Check for existing issues

  • I have searched the existing issues and checked that my issue is not a duplicate.

What happened?

This regression is reproducible in v1.81.14-stable and v1.82.0-rc3. Still worked correctly in v1.81.0-stable.

Streaming requests to /v1/responses and /v1/messages are ignoring custom pricing. Spend is calculated using standard pricing map. No issue observed with /v1/chat/completions.

Steps to Reproduce

config.yaml

litellm_settings:
  turn_off_message_logging: true

general_settings:
  master_key: os.environ/LITELLM_MASTER_KEY
  store_model_in_db: True
  database_url: os.environ/DATABASE_URL

model_list:

  - model_name: "gpt-5"
    litellm_params:
      model: openai/gpt-5
      api_key: os.environ/OPENAI_API_KEY
    model_info:
      id: gpt-5-custom-pricing
      mode: "chat"
      input_cost_per_token: 0.000125        # 100x standard ($1.25/1M = $0.00000125)
      output_cost_per_token: 0.001         # 100x standard ($10.00/1M = $0.00001)

  - model_name: "claude-sonnet-4-20250514"
    litellm_params:
      model: anthropic/claude-sonnet-4-20250514
      api_key: os.environ/ANTHROPIC_API_KEY
    model_info:
      id: claude-sonnet-4-custom-pricing
      input_cost_per_token: 0.0003         # 100x standard ($0.000003)
      output_cost_per_token: 0.0015         # 100x standard ($0.000015)
  Request: POST /v1/messages
  {
    "model": "claude-sonnet-4-20250514",
    "messages": [
      {
        "role": "user",
        "content": "Say exactly: hello world (ref:18599-9699)"
      }
    ],
    "max_tokens": 20,
    "stream": true
  }

Spend Log record: cost=0.000273, model=anthropic/claude-sonnet-4-20250514, in=21, out=14, custom_pricing=N/A Expected with custom pricing: 0.02730000 Expected with standard pricing: 0.00027300 Actual cost recorded: 0.000273 Actual / Standard ratio: 1.0x

✗ FAIL: Cost is ~1x standard → standard pricing used (BUG!)

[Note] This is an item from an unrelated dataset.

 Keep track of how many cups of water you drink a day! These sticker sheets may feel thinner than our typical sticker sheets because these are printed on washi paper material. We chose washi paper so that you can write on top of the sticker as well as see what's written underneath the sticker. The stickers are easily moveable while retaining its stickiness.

Request: POST /v1/responses
  {
    "model": "gpt-5",
    "input": "Say exactly: hello world (ref:5494-4215)",
    "stream": true
  }

Spend Log record: cost=0.002335, model=openai/gpt-5, in=20, out=231, custom_pricing=N/A Expected with custom pricing: 0.23350000 Expected with standard pricing: 0.00233500 Actual cost recorded: 0.002335 Actual / Standard ratio: 1.0x

✗ FAIL: Cost is ~1x standard → standard pricing used (BUG!)

Relevant log output

Agent's code analysis (not validated or attempted to fix):

Regression commit: 1ee43b11de — PR #20679: "[Fix] prevent shared backend model key from being polluted by per-deployment custom pricing"

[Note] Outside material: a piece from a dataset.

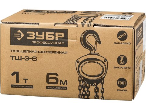 Таль цепная "ТШ-1-6" шестеренная, ЗУБР Профессионал 43082-1, 1т / 6м - предназначена для использования на строительных площадках, складах, пристанях, в гаражах и цехах для погрузки и разгрузки, размещения оборудования. Особенно удобны для проведения подъемных работ на открытых пространствах при отсутствии источника электроэнергии. Данное изделие управляется тяговой цепью и не требует подключения к электричеству. Все элементы изделия изготовлены из высококачественной углеродистой стали. Грузовая цепь закалена. Надежный тормозной механизм на основе фрикционных дисков. Оптимальное передаточное число обеспечивает эффективную работу при небольшом усилии на тяговую цепь. Вся конструкция обладает повышенным запасом прочности.

LiteLLM registers each model deployment in litellm.model_cost under TWO keys:
  - Deployment-specific ID (e.g., gpt-5.2) — with full _model_info including custom pricing
  - Shared base model name (e.g., openai/gpt-5.2 → resolves to gpt-5.2) — used as a fallback lookup

  `v1.81.0 (router.py:5651)`: the shared key got the full _model_info including custom pricing:
  litellm.register_model(model_cost={_model_name: _model_info})

  `v1.81.14 (router.py:6217-6229)`: PR #20679 strips all pricing fields from the shared key to prevent cross-deployment pollution:
  _custom_pricing_fields = CustomPricingLiteLLMParams.model_fields.keys()
  _shared_model_info = {
      k: v for k, v in _model_info.items() if k not in _custom_pricing_fields
  }
  litellm.register_model(model_cost={_model_name: _shared_model_info})

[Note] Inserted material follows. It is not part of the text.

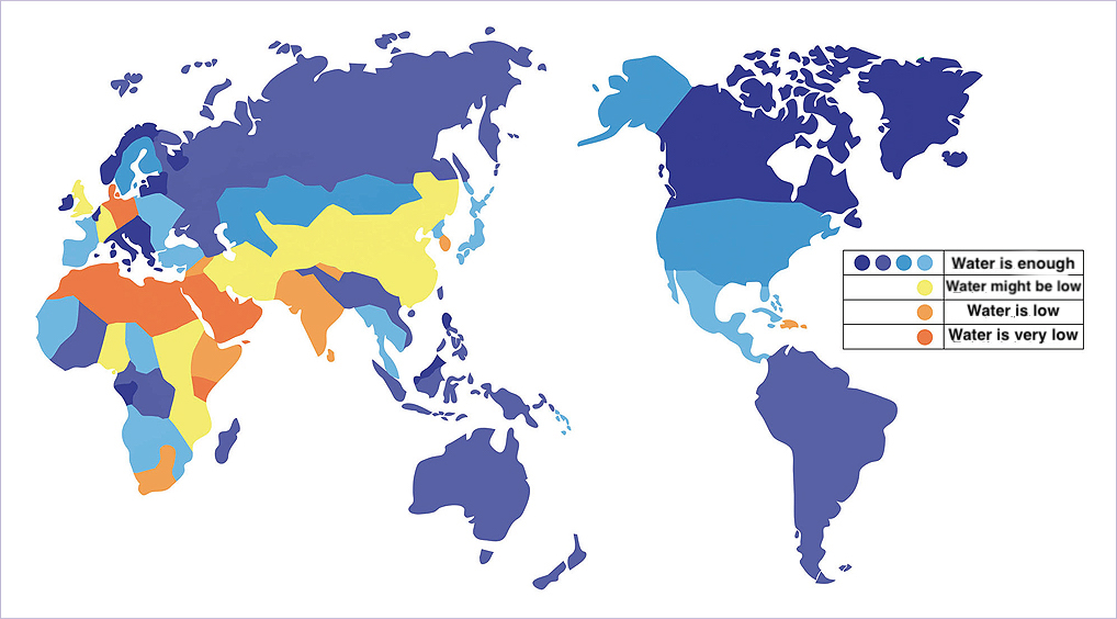 The map below shows where water is running low around the world. Fill in the blanks with the correct words to complete the sentences.

  This is correct in principle (two deployments of the same model with different pricing shouldn't overwrite each other's shared entry), but it breaks all code paths that look up cost by base model name — which includes:

  1. /spend/calculate endpoint — Chat App calls this with completion_response.model = "gpt-5.2", which looks up the now-stripped shared entry
  2. /responses API internal cost tracking — the router puts model_info into kwargs["litellm_metadata"] (via _get_router_metadata_variable_name("generic_api_call") → "litellm_metadata"),but responses/main.py reads metadata (set by proxy with user API key info, always truthy) and never reaches litellm_metadata. So custom_pricing is not detected, and cost calculation falls back to the base model name lookup — which no longer has pricing.
  3. Anthropic /messages API — same _generic_api_call_with_fallbacks → litellm_metadata path, same issue in llm_http_handler.py:1886 where kwargs.get("metadata", {}) gets proxy metadata without model_info

The /v1/chat/completions path works because it uses get_litellm_params(**kwargs) which explicitly passes input_cost_per_token etc. into the logging object's litellm_params, and the router's _acompletion uses _update_kwargs_with_deployment(deployment, kwargs) with no function_name — so model_info goes into kwargs["metadata"] (not litellm_metadata), making custom_pricing detectable.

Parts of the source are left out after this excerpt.